▸ **TASK TO CARRY OUT**: Look in the listing below for the line that has "热带雨林,手绘,肌理插画,绿色,夏天,植物,雨林,森林,树,叶子", then return it and each following line up to and including the one with "Santa raast door", exactly and without pictures.

▸ **DATA SHOWN**:

§

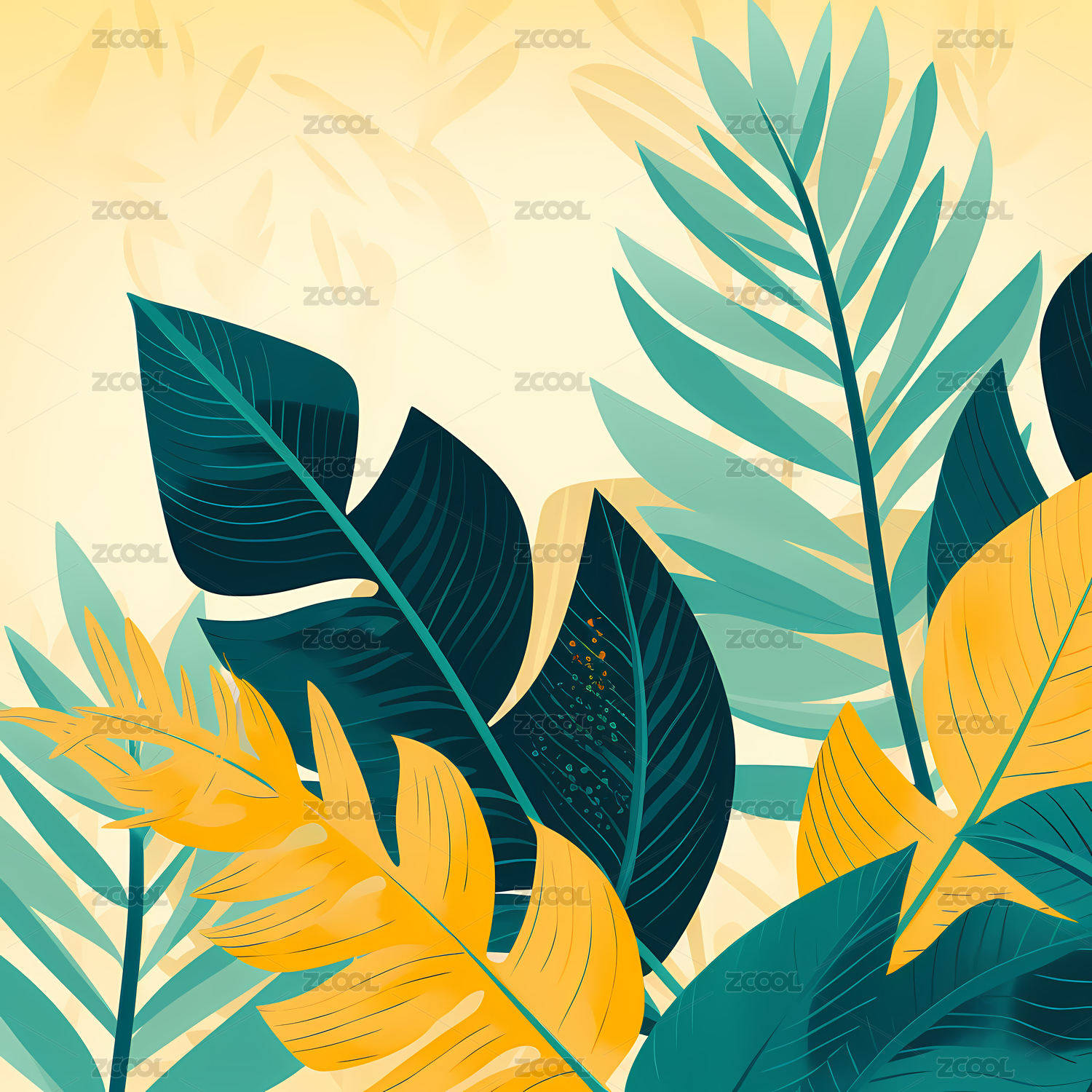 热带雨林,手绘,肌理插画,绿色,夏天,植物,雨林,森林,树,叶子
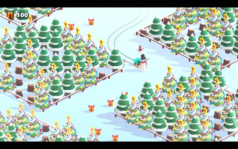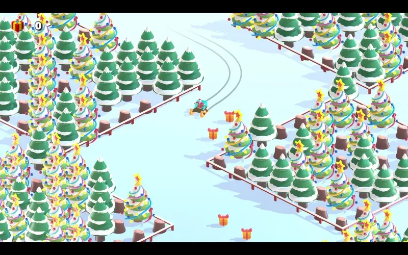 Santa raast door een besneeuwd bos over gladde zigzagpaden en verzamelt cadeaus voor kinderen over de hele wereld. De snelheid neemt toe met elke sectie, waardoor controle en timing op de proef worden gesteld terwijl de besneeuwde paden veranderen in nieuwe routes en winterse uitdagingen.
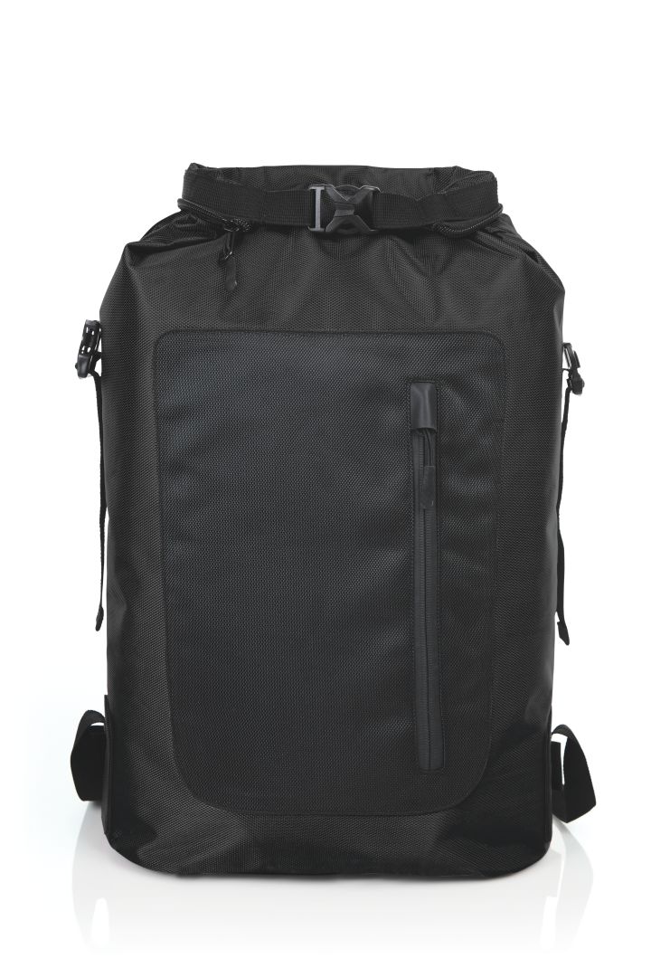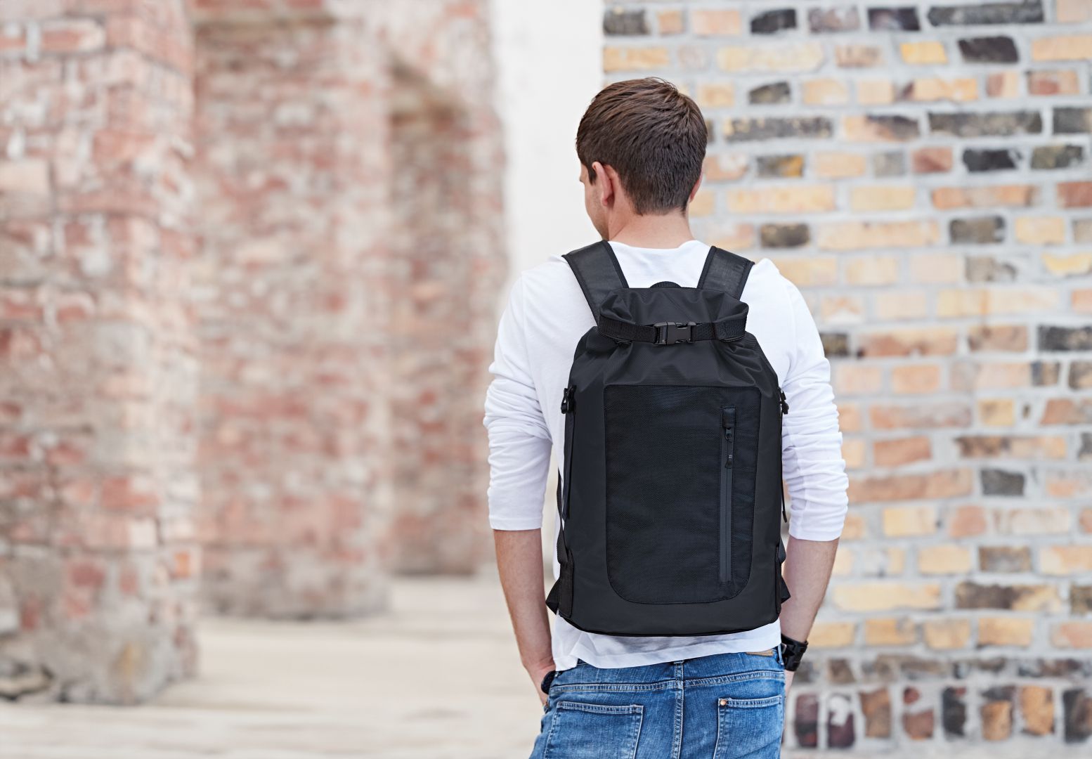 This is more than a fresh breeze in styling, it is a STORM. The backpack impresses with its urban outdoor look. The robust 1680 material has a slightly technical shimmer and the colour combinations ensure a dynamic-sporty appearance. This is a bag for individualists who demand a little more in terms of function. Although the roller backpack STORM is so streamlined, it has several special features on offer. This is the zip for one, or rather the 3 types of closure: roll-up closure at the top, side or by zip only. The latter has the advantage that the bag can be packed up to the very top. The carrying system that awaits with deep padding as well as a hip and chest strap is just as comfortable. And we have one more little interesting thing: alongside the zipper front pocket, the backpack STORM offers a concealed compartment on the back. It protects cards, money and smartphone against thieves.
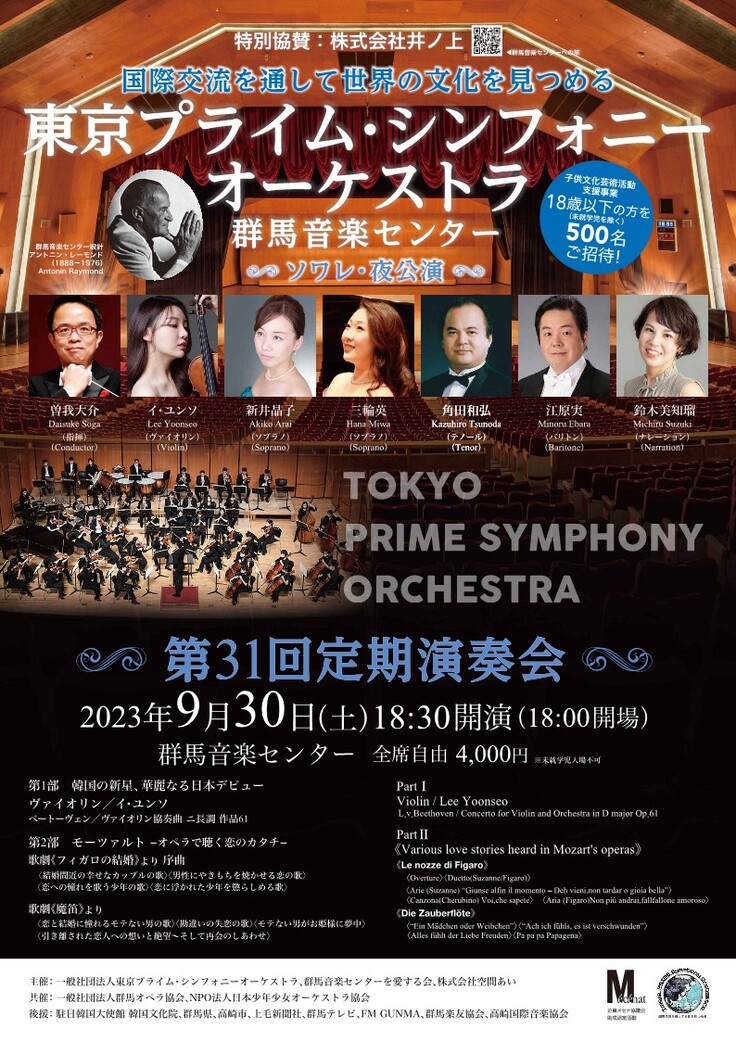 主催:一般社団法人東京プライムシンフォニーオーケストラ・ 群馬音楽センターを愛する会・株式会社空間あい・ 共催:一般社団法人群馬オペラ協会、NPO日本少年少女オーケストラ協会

§

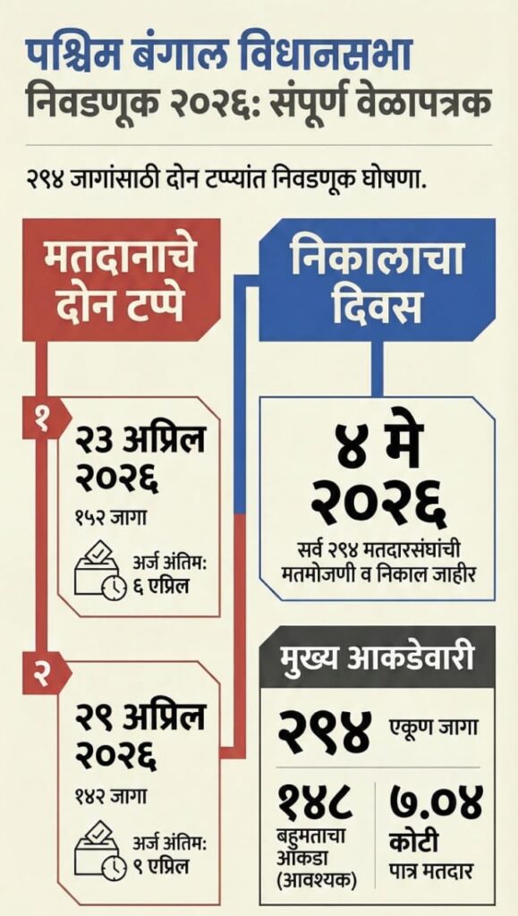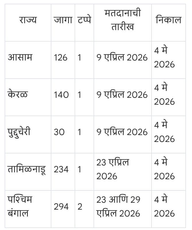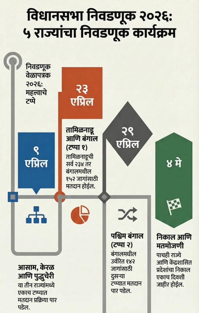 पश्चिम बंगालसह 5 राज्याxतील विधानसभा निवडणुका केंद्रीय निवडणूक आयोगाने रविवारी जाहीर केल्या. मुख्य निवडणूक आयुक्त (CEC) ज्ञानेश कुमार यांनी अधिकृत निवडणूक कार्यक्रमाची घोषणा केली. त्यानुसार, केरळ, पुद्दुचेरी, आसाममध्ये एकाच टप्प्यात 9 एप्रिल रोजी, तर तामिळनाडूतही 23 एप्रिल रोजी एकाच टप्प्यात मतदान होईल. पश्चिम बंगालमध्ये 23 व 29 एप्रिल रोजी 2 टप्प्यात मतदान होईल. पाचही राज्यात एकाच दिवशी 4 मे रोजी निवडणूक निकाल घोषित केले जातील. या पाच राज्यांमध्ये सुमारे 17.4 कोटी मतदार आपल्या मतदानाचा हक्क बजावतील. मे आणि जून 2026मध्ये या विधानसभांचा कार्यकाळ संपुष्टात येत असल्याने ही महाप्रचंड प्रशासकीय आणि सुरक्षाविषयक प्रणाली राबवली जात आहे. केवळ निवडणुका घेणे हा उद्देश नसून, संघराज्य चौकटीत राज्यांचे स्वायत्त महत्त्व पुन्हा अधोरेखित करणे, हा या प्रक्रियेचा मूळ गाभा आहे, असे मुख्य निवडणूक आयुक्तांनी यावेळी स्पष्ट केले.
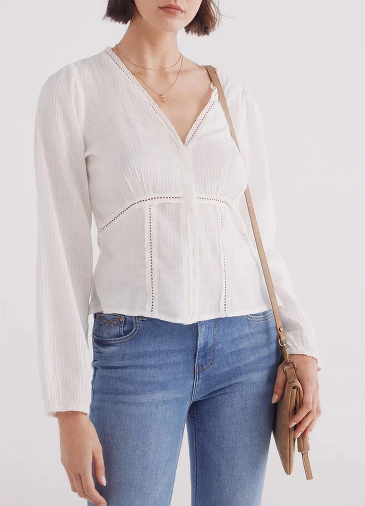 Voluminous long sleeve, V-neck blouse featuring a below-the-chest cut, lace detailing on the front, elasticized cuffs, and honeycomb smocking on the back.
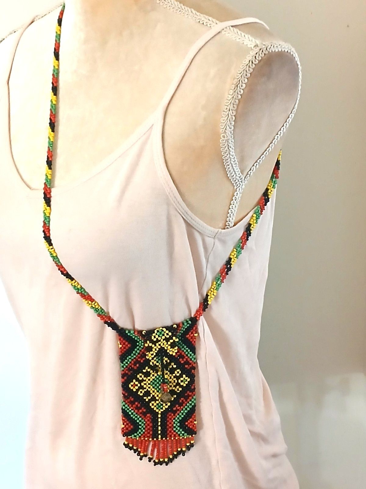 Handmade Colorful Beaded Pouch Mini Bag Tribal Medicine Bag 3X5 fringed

§

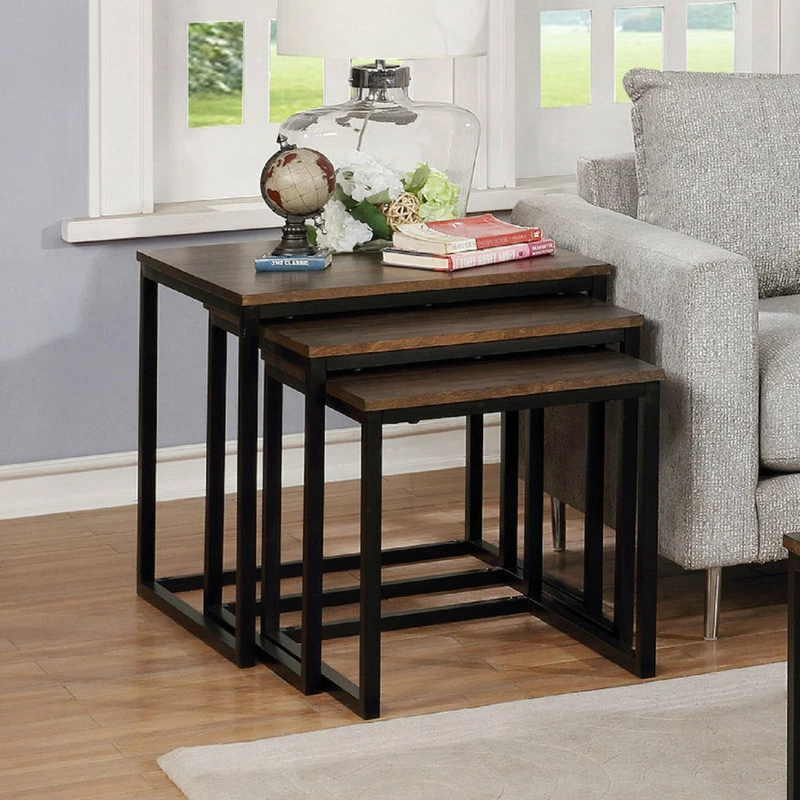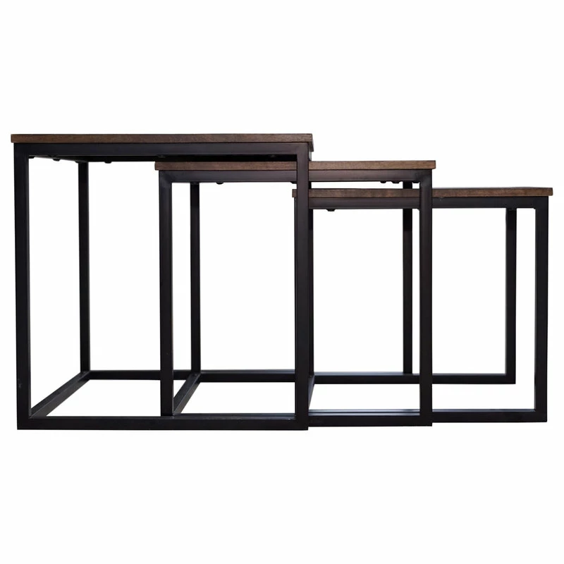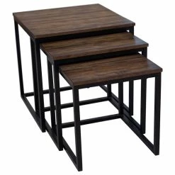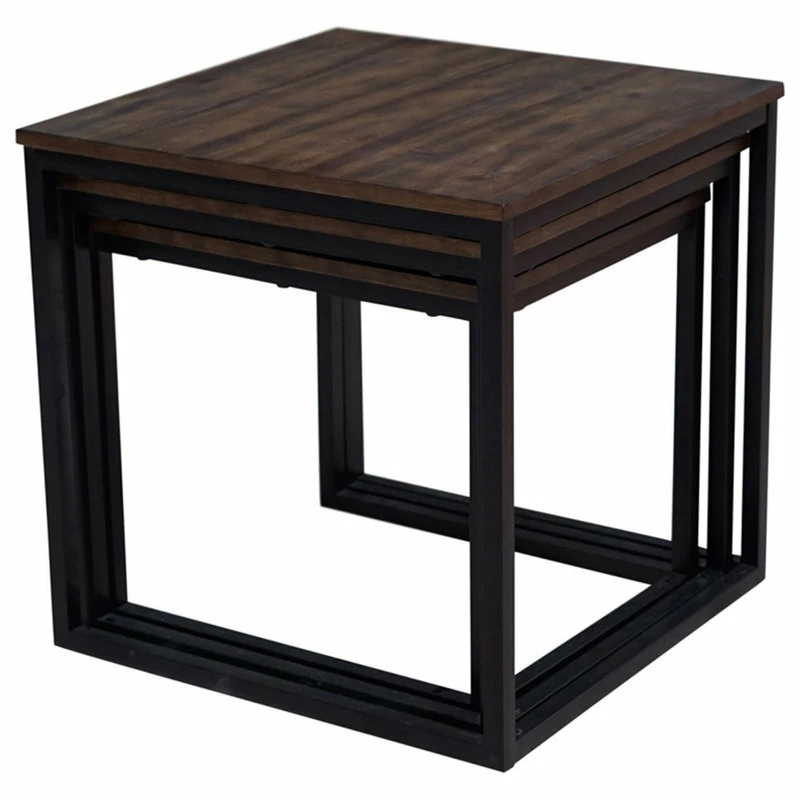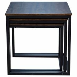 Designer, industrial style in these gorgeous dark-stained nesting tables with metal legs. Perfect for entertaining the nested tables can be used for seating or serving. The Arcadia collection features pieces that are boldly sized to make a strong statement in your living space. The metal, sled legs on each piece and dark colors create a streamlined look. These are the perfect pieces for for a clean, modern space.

§

▸ **EXERCISE ANSWER**:
 热带雨林,手绘,肌理插画,绿色,夏天,植物,雨林,森林,树,叶子
 Santa raast door een besneeuwd bos over gladde zigzagpaden en verzamelt cadeaus voor kinderen over de hele wereld. De snelheid neemt toe met elke sectie, waardoor controle en timing op de proef worden gesteld terwijl de besneeuwde paden veranderen in nieuwe routes en winterse uitdagingen.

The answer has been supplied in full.